I think a bath bench might work but I have a stool - too small lol!


----------



## Pamela (Sep 9, 2008)

I was thinking about bathing today but its SNOWING AGAIN! LOL


----------



## skinnydoggz (Jan 9, 2011)

Pamela said:


> yes - that is what I was thinking of too - m aybe someone will invent it! lol I have a corner shower also which makes it difficult for it to even be longer lol although I can bathe them in there sitting on a stool (me) but still have to bend to get the legs - unless I use the rapid bath - thinking about taking it from the big tub upstairs and putting in my shower. Don't want to use the big tub because my daughter and her husband live up there now and don't want my dogs tracking water through.


We have more in common...I also have a full bath upstairs, where my older son lives, but he uses the shower downstairs because when he uses the tub/shower upstairs, I can hear what sounds like water dripping. I don't know if there's a leak or if it's just the pipes making that noise. Since the downstairs bathroom has recently been completely redone (incl. new ceiling & walls), I don't want to risk a leak ruining it. A plumber isn't in the budget right now. I bathed my Afghan hound in the corner shower last summer after a run in with a skunk, and I got _soaked_! She's due for a bath again since I no longer work at a grooming shop, so I'll have to get soaked again unless I can figure out a way to keep the water from splashing out of the stall. My spoo is still tiny, so I can wash her in the kitchen sink for now.

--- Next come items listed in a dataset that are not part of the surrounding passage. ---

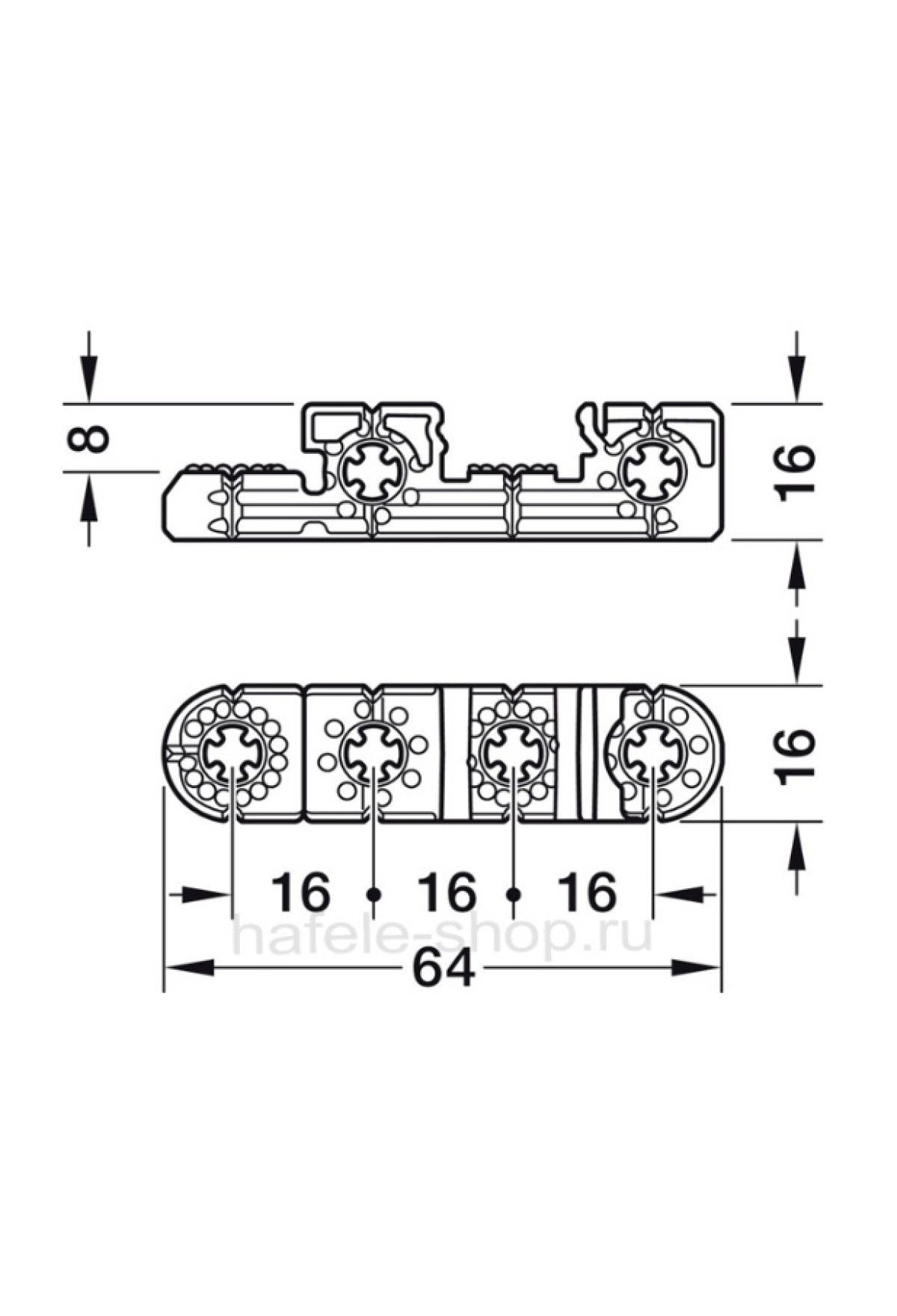 Подходит для крепления в шаговые отверстия системы 32 мм.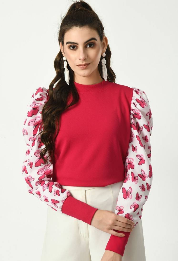 Statement sleeve, Floral prints, Trendy Top, Bold red, Volume Sleeves
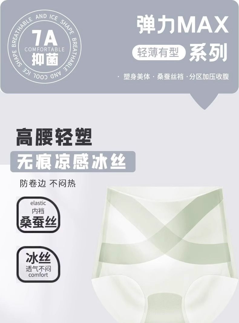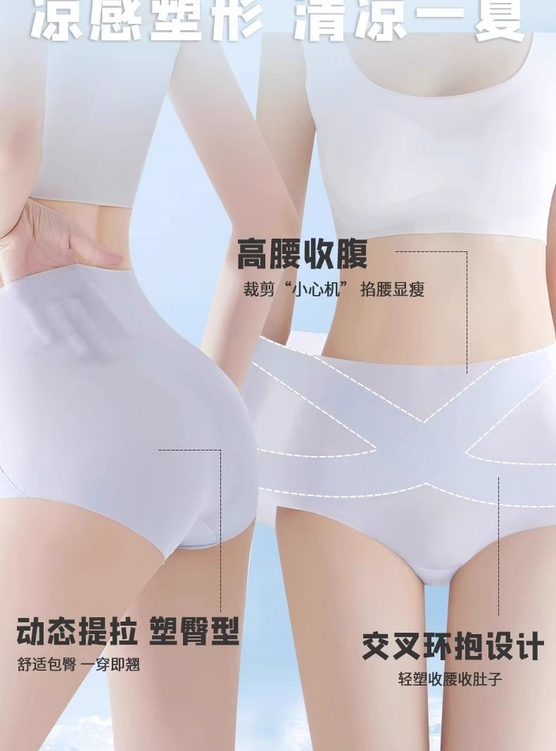 冰繃帶經典冰絲無痕內褲女夏季薄款收腹提臀塑身舒適抑菌高腰內褲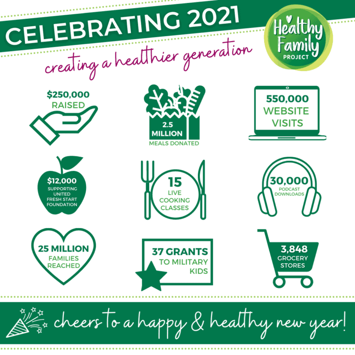 In addition to donations raised, Healthy Family Project is celebrating overall impact made reaching 25 million families through the Healthy Family Project website, social media and other digital communications. In 2021, Healthy Family Project implemented refreshed signage in 3,848 grocery stores, surpassed 30,000 unique downloads of the Healthy Family Project podcast, produced 15 Live cooking classes with the organization’s junior chefs and saw more than a half million website visits to healthyfamilyproject.com.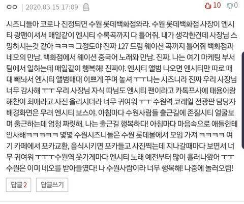 톡선에서본 롯.데 백화점 수원

I wonder if there's a way to make what you are looking for out of a bathroom shower chair. I got one for my mum that has adjustable legs. If the seat part is big enough for your dog to stand on, you could raise it to the highest position.


----------



## skinnydoggz (Jan 9, 2011)

Do you think this would work? Bathtub Transfer Bench/Bath Chair with Back Wide Seat Adjustable Seat Height Sure Gripped Legs Lightweight Durable rust-resistant Shower Bench


----------



## Pamela (Sep 9, 2008)

skinnydoggz said:


> Do you think this would work? Bathtub Transfer Bench/Bath Chair with Back Wide Seat Adjustable Seat Height Sure Gripped Legs Lightweight Durable rust-resistant Shower Bench


wow! I think that would work!!!! have to check it out more! thanks!


----------



## skinnydoggz (Jan 9, 2011)

I hope it does. It would be nice to be the one to help someone else for a change. In the short time I've belonged to this group, I've received tips and information from lots of wonderful poodle people.


----------



## Pamela (Sep 9, 2008)

yes thank you so much - I had no idea they could be so cheap. I think they cost more at the drug store lol


----------